Before I get the entry here, I thought I'd go ahead and post.
For those who don't know me, check my website. The fat character with the blonde hair is based after me. AND... For those who read this, already know by reading Jimmy's post about the little soiree' being thrown by WNCI tomorrow night called the Man Market. Jimmy is being cool enough to let me say my peace before he politely vents his frustration about me whenever. (Thanks Jimmy.)
Originally, my friend Drew DJs the event every year. I'm thinking cool, I have the night off, I'll actually go to Man Market, hang with Drew, bring Jimmy along and it will be really fun. Maybe meet the Morning Zoo and have a grande old time. Instead, after me and Jimmy sign up for the Man Market, being I work with Drew, I decide to ask about what to expect from LRE at the NCI Man Market 04. He says he has no clue, he's not doing it.

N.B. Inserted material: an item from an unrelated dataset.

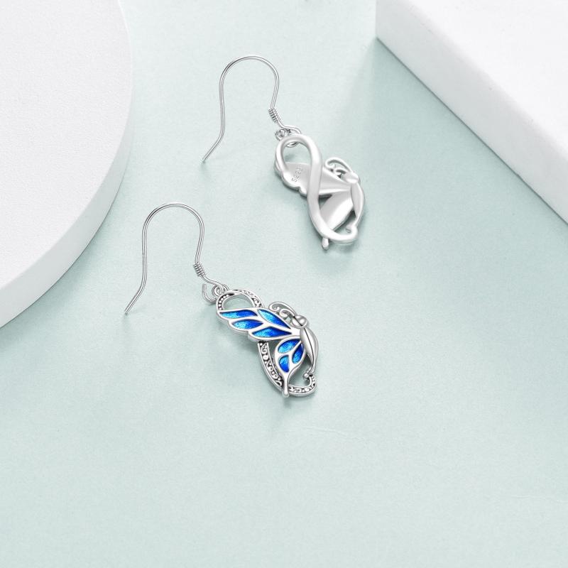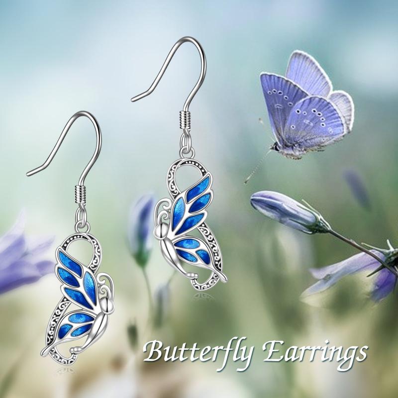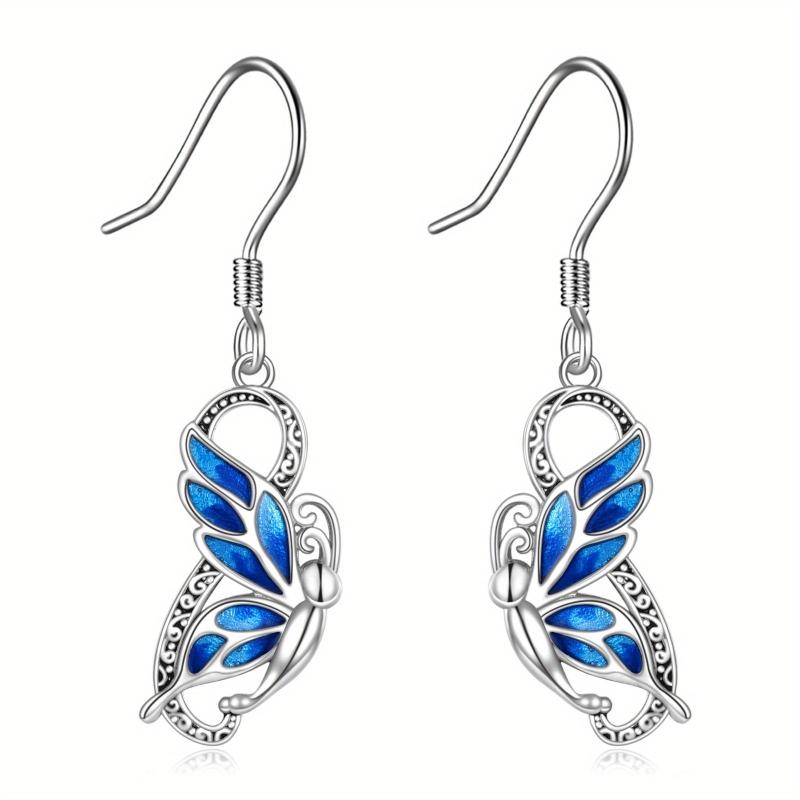 Elegant and intricate butterfly filigree dangle drop earrings in sterling silver. Perfect gift for women, wife, and mothers.

That wasn't the first thing that is making me back out of what is going on tomorrow, but it made me VERY uneasy about it. God knows, Jimmy is uneasy about it too.
BUT... something was said to me a few days ago which makes me feel that I don't belong at a man market where girls will bid on me, and in a way, I'm just wasting space till all the "hotties" come up. AKA: I'm Filler. As I told Jimmy over dinner today, that If i looked better, as long as I didn't speak, we'd get bid on. (Trying to get a laugh, I said the same about him as well when he tried to say 'no one will vote for me.' Which I still think is rediculous.' ) Another thing to add to this is that while scared for the event, I had my hopes up, and I was going in, optimistic. There's always someone to make you feel like shit, and specially when it's someone you care for that says it, it hurts even more.

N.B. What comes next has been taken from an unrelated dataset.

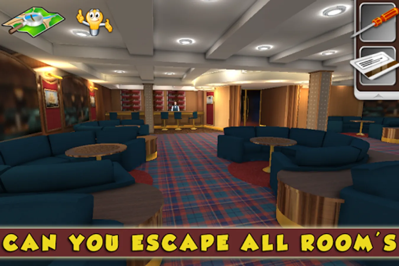 Can you escape 3D: Cruise Ship is a game where you explore many different rooms and locations on a cruise ship. Easy controls are implemented to make it easy to navigate through the cruise ship. The game will auto save every step you make, so you do not need to redo anything.

Every few months, I get into a funk about my situation with girls, (everyone gets into a funk about being single sometimes) Say something hurtful to me 3 days or so before Man Market, and... well, I don't wanna go. Maybe it's the Pessimistic side of me or maybe it's just the basic fact of I know pretty well what will happen if I go in to the Man Market tomorrow. Or maybe it's what the person said that is getting to me. would I like to prove this person wrong and win the affection of all the ladies? Hell yes.

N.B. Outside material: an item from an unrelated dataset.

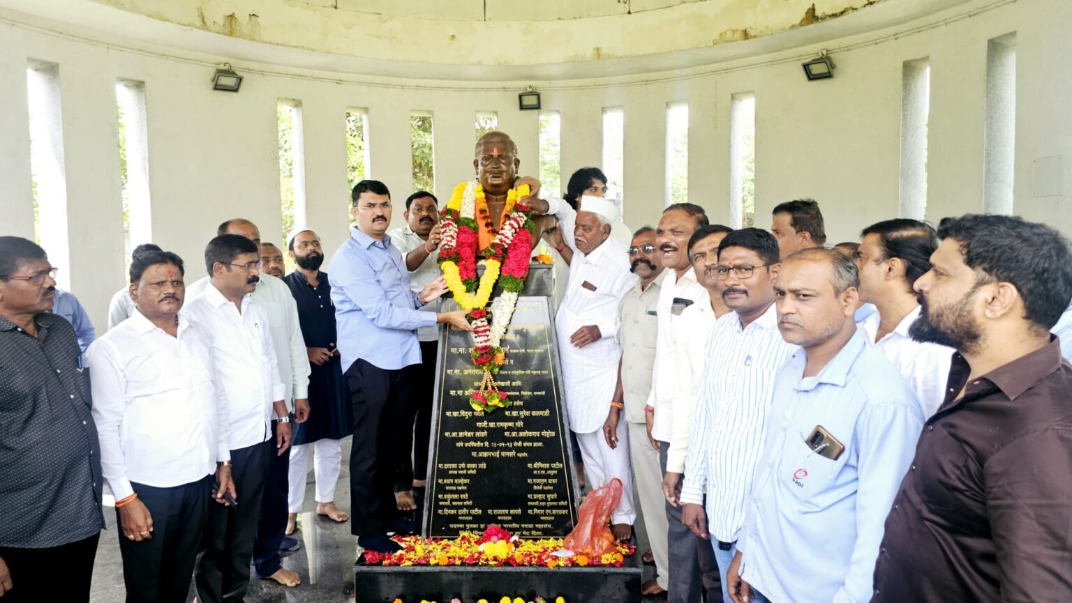 कष्टकरी गोरग़रीब जनतेला स्वाभिमानाने जगता यावे यासाठी आपले आयुष्य वेचणार्या अण्णासाहेब पाटील यांच्या जयंती निमित्त चिंचवड येथील अण्णासाहेब पाटील यांच्या पुतळ्याला महाराष्ट्र मजदूर संघटनेच्या वतीने पुष्पहार अर्पण करून त्यांना अभिवादन करण्यात आले. यावेळी कामगार नेते तथा शिवसेना उपनेते इरफानभाई सय्यद, संघटनेचे कार्याध्यक्ष परेश मोरे जन.सरचिटणीस प्रवीण जाधव, उपाध्यक्ष भिवाजी वाटेकर, सचिव सर्जेराव कचरे मातोश्री माथाडी कामगार सहकारी पतसंस्थेचे अध्यक्ष पांडुरंग कदम रायरेश्वर माथाडी कामगार सहकारी पतसंस्थेचे अध्यक्ष सतीश कंठाळे, ¸ संघटनेचे खजिनदार नागेश व्हनवटे ¸ गोरक्षनाथ दुबाले,¸ बबन काळे,¸ पांडुरंग काळोखे ¸ ,संपत मांढरे, ¸ श्रीकांत मोरे, ¸ अशोक साळुंखे¸,बबन काळे, समर्थ नाईकवाडे,अमित पासलकर ¸ अविनाश जांभळे ¸ नाना नाईकवाडे¸ ज्ञानेश्वर घनवट,¸ गिरीश देशमुख ¸,चंद्रकांत पिंगट, ¸ सोमनाथ फुगे, ¸ सोपान गाडगे ¸, सतीश शिंदे, ¸ धुळा शेंडगे ¸, रोशन दोलताडे, ¸ सुनिल माने ¸, ज्ञानदेव पाचपुते ¸ कैलास तोडकर ¸, जयराम केगार ¸, आयुष शिंदे ¸ रत्नाकर भोजने व असंख्य कामगार मोठ्या संख्यने उपस्थित होते.

I do disagree though that this will happen. I know how girls are, girls at these events are, and how I will be treated at this event. I believe and know that Jimmy stands an excellent chance there, but I on the other hand do not. If there was a single example in my life at all that would prove that anything otherwise would occur then I would go. But I want someone to bid on me who wants to bid on me, not because they're my friends and they would bid on me.
::sighs::
Anyway, I just wanted to stated my case before Jimmy posts here that I "shafted" him. But he knew 3 days before hand, so I gave him notice. Good luck at Man Market Jimmy, and have fun.